» **What the exercise asks**
Within the records below, reproduce without change the lines from the line that has "Укорочений жакет вільного" through the line that has "- Your Accounting", and only those.

» **Data for this exercise**
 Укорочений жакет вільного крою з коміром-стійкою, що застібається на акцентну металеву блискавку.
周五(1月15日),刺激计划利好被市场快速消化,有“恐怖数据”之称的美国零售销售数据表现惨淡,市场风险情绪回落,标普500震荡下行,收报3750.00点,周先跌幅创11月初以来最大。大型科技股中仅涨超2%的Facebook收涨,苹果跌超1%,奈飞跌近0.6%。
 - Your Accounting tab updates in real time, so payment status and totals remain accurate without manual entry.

...

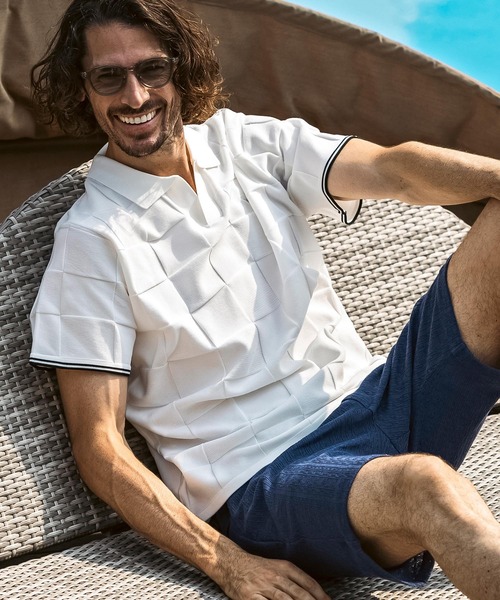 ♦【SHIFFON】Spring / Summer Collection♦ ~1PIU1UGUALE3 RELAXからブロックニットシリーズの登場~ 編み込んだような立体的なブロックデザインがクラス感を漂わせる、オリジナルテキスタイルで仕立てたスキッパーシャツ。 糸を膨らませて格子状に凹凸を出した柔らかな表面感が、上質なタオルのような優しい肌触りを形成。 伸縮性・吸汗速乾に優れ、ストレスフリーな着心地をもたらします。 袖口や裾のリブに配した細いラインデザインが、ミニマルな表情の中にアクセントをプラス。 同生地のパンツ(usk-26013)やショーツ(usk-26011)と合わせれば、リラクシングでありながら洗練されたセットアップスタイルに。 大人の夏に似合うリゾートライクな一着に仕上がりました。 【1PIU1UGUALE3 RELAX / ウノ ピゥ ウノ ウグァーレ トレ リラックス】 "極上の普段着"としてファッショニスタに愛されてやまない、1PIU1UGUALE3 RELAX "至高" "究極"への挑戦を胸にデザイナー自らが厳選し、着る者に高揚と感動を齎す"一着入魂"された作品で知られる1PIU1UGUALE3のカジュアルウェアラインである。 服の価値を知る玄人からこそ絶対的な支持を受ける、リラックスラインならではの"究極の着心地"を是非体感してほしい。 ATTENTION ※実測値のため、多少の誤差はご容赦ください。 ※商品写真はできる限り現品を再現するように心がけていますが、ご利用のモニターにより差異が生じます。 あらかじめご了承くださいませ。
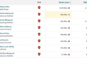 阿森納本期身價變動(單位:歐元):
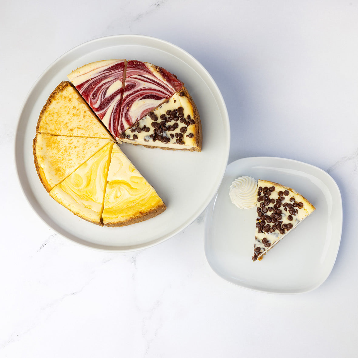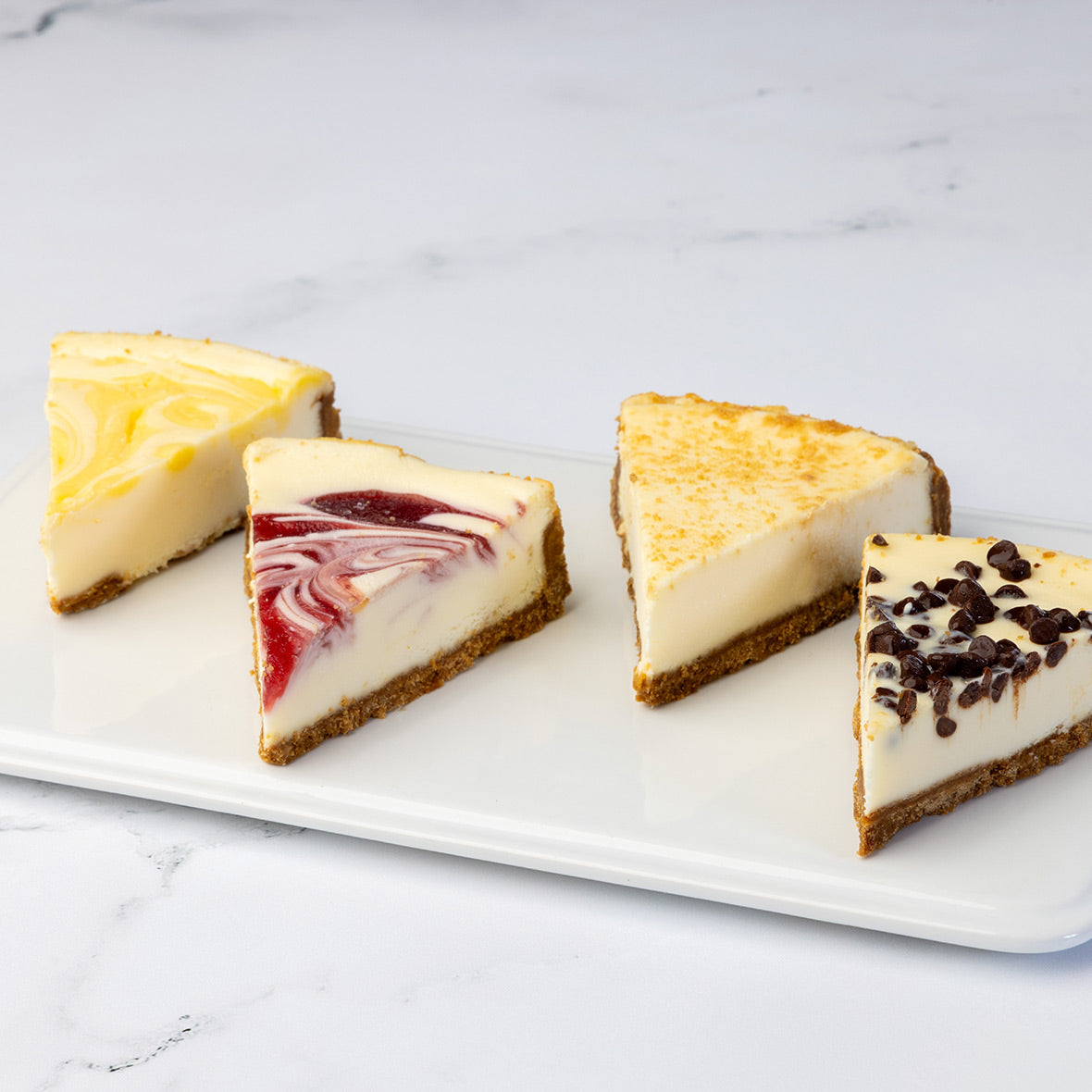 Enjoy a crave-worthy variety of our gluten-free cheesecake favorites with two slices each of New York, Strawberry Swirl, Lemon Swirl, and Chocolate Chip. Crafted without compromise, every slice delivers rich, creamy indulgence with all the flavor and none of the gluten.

» **Task result**
 Укорочений жакет вільного крою з коміром-стійкою, що застібається на акцентну металеву блискавку.
周五(1月15日),刺激计划利好被市场快速消化,有“恐怖数据”之称的美国零售销售数据表现惨淡,市场风险情绪回落,标普500震荡下行,收报3750.00点,周先跌幅创11月初以来最大。大型科技股中仅涨超2%的Facebook收涨,苹果跌超1%,奈飞跌近0.6%。
 - Your Accounting tab updates in real time, so payment status and totals remain accurate without manual entry.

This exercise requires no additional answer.